What needs to be done. The lines to copy from the listing below are those that contain the string "זלמן".

Records provided.
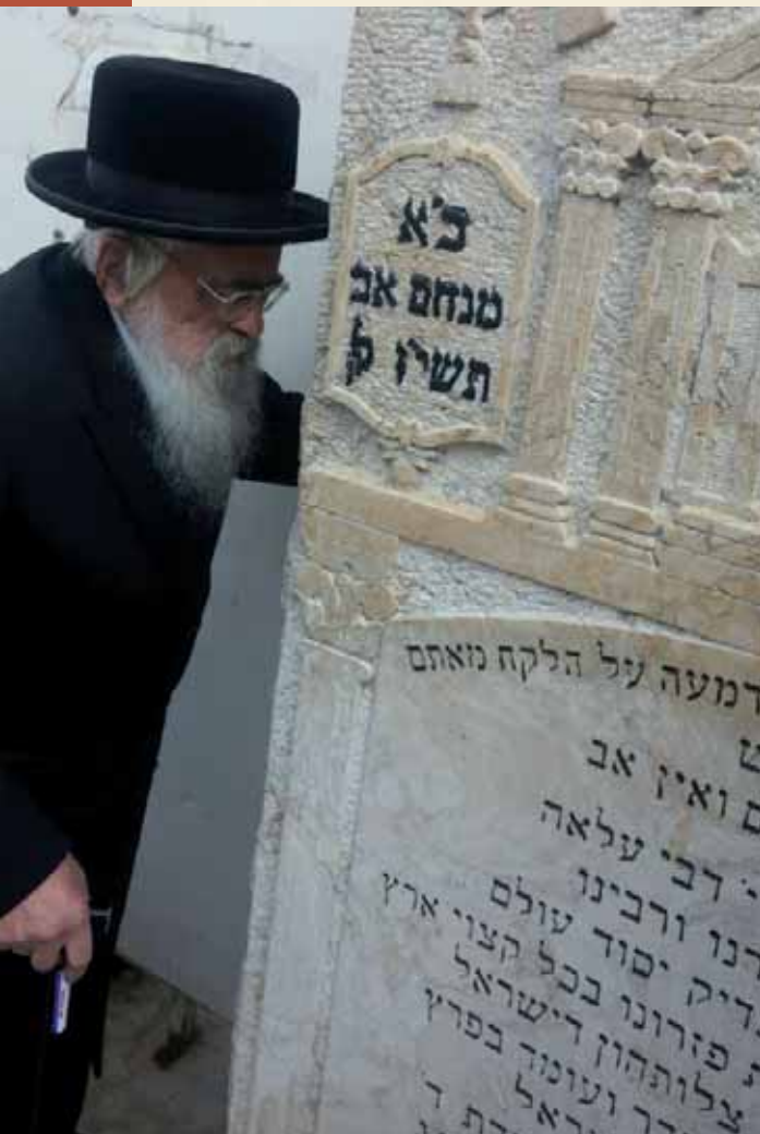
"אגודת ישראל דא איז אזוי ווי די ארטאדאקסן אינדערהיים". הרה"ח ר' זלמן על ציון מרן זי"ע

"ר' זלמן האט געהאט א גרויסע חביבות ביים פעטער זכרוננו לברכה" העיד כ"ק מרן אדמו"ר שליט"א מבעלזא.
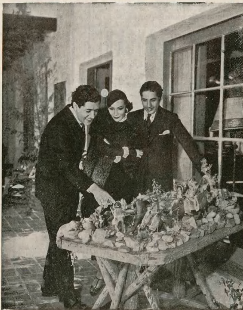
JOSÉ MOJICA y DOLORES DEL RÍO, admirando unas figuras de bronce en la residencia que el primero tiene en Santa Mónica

...

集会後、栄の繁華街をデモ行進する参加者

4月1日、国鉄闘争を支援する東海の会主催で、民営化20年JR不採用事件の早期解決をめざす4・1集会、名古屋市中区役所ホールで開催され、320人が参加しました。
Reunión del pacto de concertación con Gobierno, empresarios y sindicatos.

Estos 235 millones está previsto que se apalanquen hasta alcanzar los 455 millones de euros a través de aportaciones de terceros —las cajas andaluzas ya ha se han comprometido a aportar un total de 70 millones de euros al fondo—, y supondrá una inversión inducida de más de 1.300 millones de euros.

Output below.
"אגודת ישראל דא איז אזוי ווי די ארטאדאקסן אינדערהיים". הרה"ח ר' זלמן על ציון מרן זי"ע
"ר' זלמן האט געהאט א גרויסע חביבות ביים פעטער זכרוננו לברכה" העיד כ"ק מרן אדמו"ר שליט"א מבעלזא.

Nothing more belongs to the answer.